Siyah-beyaz bir portrede gördüğüm Karamanlı genç, Hollywood’un yakışıklı ve asi genci James Dean’i zihnimin derinliklerinden bulup çıkardı ve Yılmaz Babaoğlu ile örtüştürdü.
Ben tanıdığımda Yılmaz Babaoğlu, 50’li yaşlarında olmalıydı. Yine gençti ve yakışıklıydı. Derin bakışlıydı. Titiz, ciddi, bakımlı, dik duruşlu, hoş sohbet, konuşanı can kulağıyla dinleyen, her an gülecekmiş hissi veren, çabuk samimi olan, ikramı seven, işiyle övünmekten kaçınan, olgun bir kişiydi.
Yılmaz Babaoğlu, Ankara’da ağabey olarak gördüğümüz hemşehrilerimizdendi. Marka tutkusu yoktu, kıyafetlerinde ve seçtiği mekânlarda rahatlığı tercih eden tiplerdendi. Üstelik israfı sevmediğini, müsriflerden hoşlanmadığını duyardım. Ama cömertliğine Karaman tanıktır. Ankara’da Karamanlılar Yardımlaşma ve Dayanışma Derneği’ne yaptığı yardımlara, öğrencilere verdiği burslara, gariplere el uzattığına ise ben tanığım.

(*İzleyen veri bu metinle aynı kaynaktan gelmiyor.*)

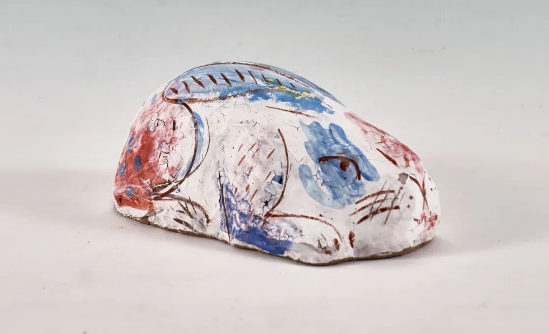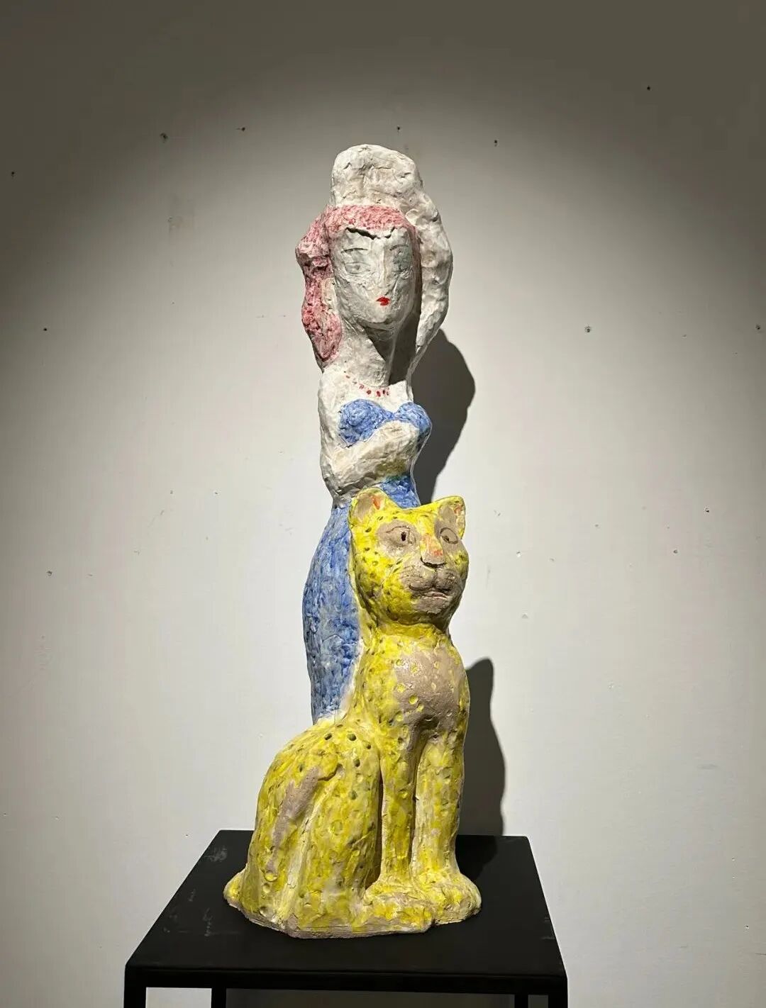 除去数字绘画,周雷还做了不少小塑。这些小塑全然民间的风味,或陶土封泥,或木雕彩塑,莘莘然蓄蕴妙拙粗简的谐趣。中国的《诗经》中最有趣和最上口的是《风》,“风”中的草木俱在人心。周雷的艺术正有这种“风”的生姿活态。他常在外形的木讷中包裹内在的坚毅,仿佛用一种不经意的痴梦,来隐藏生命的意涵,既漫不经心,却又一往情深。此又是稚巧的一番高境。
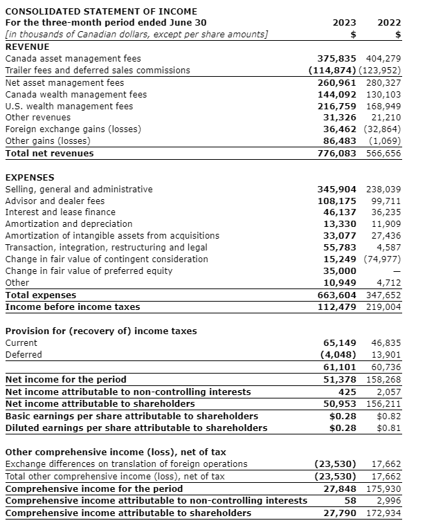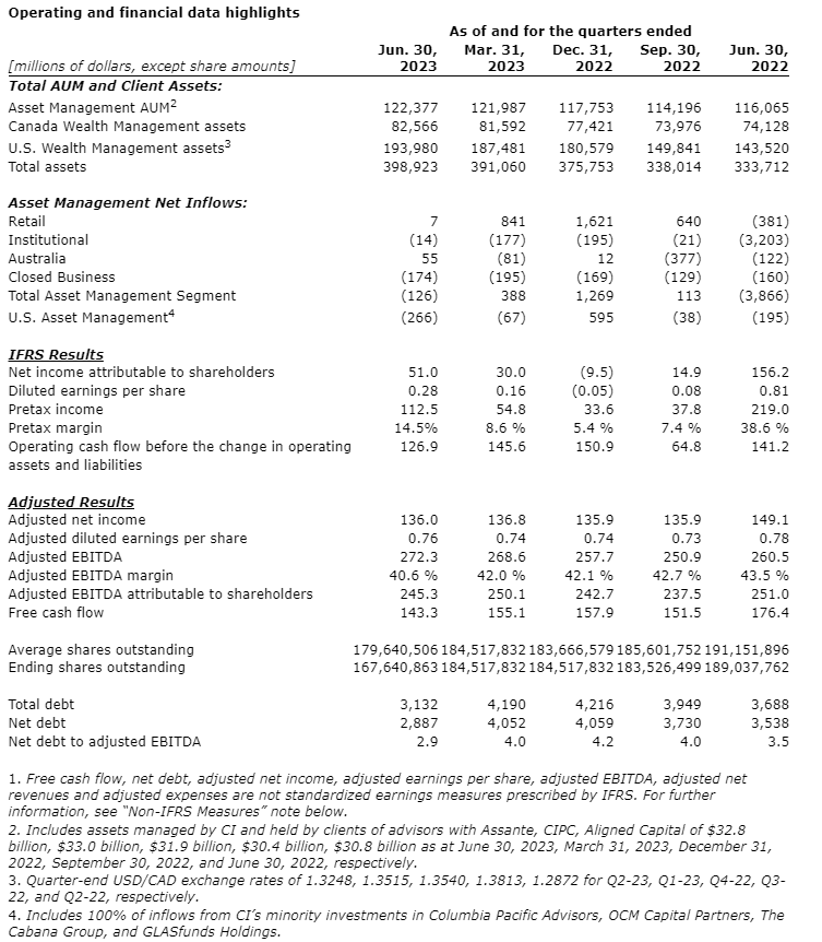CI Financial Corp. has released financial results for the quarter ended June 30, 2023.
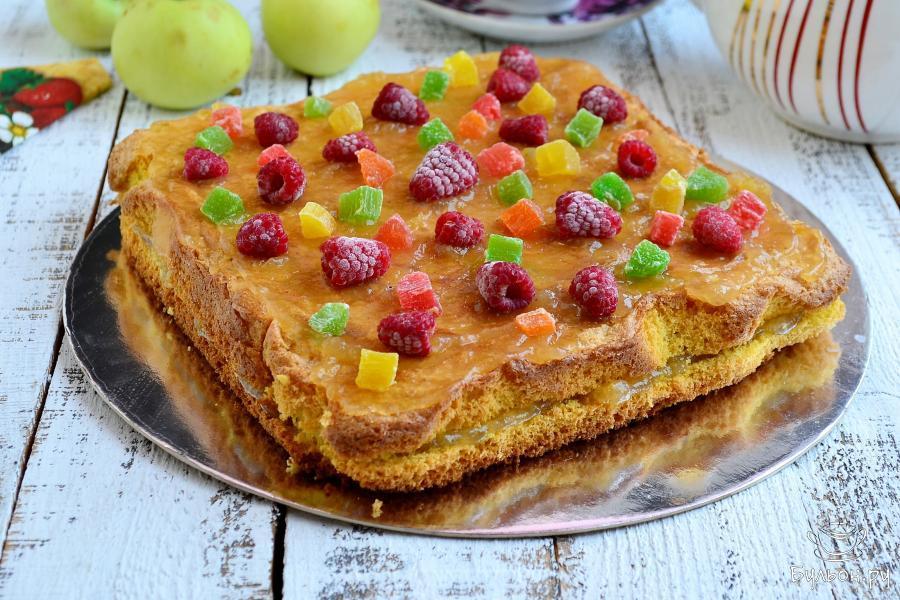 Если вам нужно что-то быстро испечь к вечернему чаю для своих близких или вдруг, позвонили гости, что нагрянут в ближайшие часы, предлагаю простой рецепт бисквитного пирога. Готовится он из самых простых продуктов, которые практически всегда есть в наличии. Для пирога я использовала густое яблочное варенье, для украшения взяла цукаты и свежемороженную малину. Вы можете смазать пирог любым вареньем, джемом или повидлом, кремом и украсить его любыми ягодами, имеющимися на данный момент. Пирог очень вкусный, нежный, воздушный, сладкий, не требующий пропитки. Идеальная выпечка к чаю, попробуйте.

Yılmaz Babaoğlu, Karaman’ın cömert ve eli açık insanlarındandır. Yeşilçam’ın naif filmlerinin tonton patronu rollerinin değişmez karakteri Hulusi Kentmen’in bir başka bedende yaşayanıdır. Yılmaz Babaoğlu, işçilerine davranışı, ilişkilerindeki sıcaklığı, sevecenliği, hoşgörüsü ve cömertliğiyle Hulusi Kentmen’in filmlerdeki rolünün, gerçek hayatta can bulmuş halidir.
Duygusuyla, yüreğiyle gerçek bir karakterdir Yılmaz Babaoğlu. Hulusi Kentmen’in aksine hayatının hiçbir döneminde rol yapmamıştır, kilolu olmamıştır; O hep fit, hep yakışıklı, hep tarz… Şimdi olduğu gibi. Ankara’da hastane sahibi olduğu dönemde ilk icraatı, doktorlarla diğer personele ayrı yemek verilmesini durdurmak olmuştur. Bir işyerinde herkes aynı yemeği yiyecektir. Bu prensibe sıkı sıkıya bağlıdır. Halen, işçiye çıkan yemeğin aynısını yer. Sadece porsiyonlarını çok azaltmıştır, o kadar.
Güzel insanlar hayatımıza bir şekilde dokunur. Yaptıklarıyla, sözleriyle ve imkânlarını paylaşmakla… Ve böylece gönüllere yerleşirler.
İnsan çok katmanlı bir varlıktır. Kimi özüyle, kimi sahip olduklarıyla, kimi temsil ettiği değerlerle öne çıkar. Yılmaz Babaoğlu’nda bu üç temel insan özelliğinin harman olmuş halini görürsünüz. Kendisidir, bir başkasına özenmemiştir, haset etmemiştir, kötülük düşünmemiştir. Özü, sözü birdir. Şeffaftır, samimidir ve fazlasıyla dobradır. Mal, mülk, servet, evlât, eş, dost zenginidir. Bu zenginlikten kibirlenmeyendir. Lekesiz bir mazi, memleket sevdası, hak gözeten, paylaşımcı iş insanı, çocuklarını tertemiz yetiştirmeyi başarmış bir baba olması, Yılmaz Babaoğlu’nun şerefle temsil ettiği değerlerdir.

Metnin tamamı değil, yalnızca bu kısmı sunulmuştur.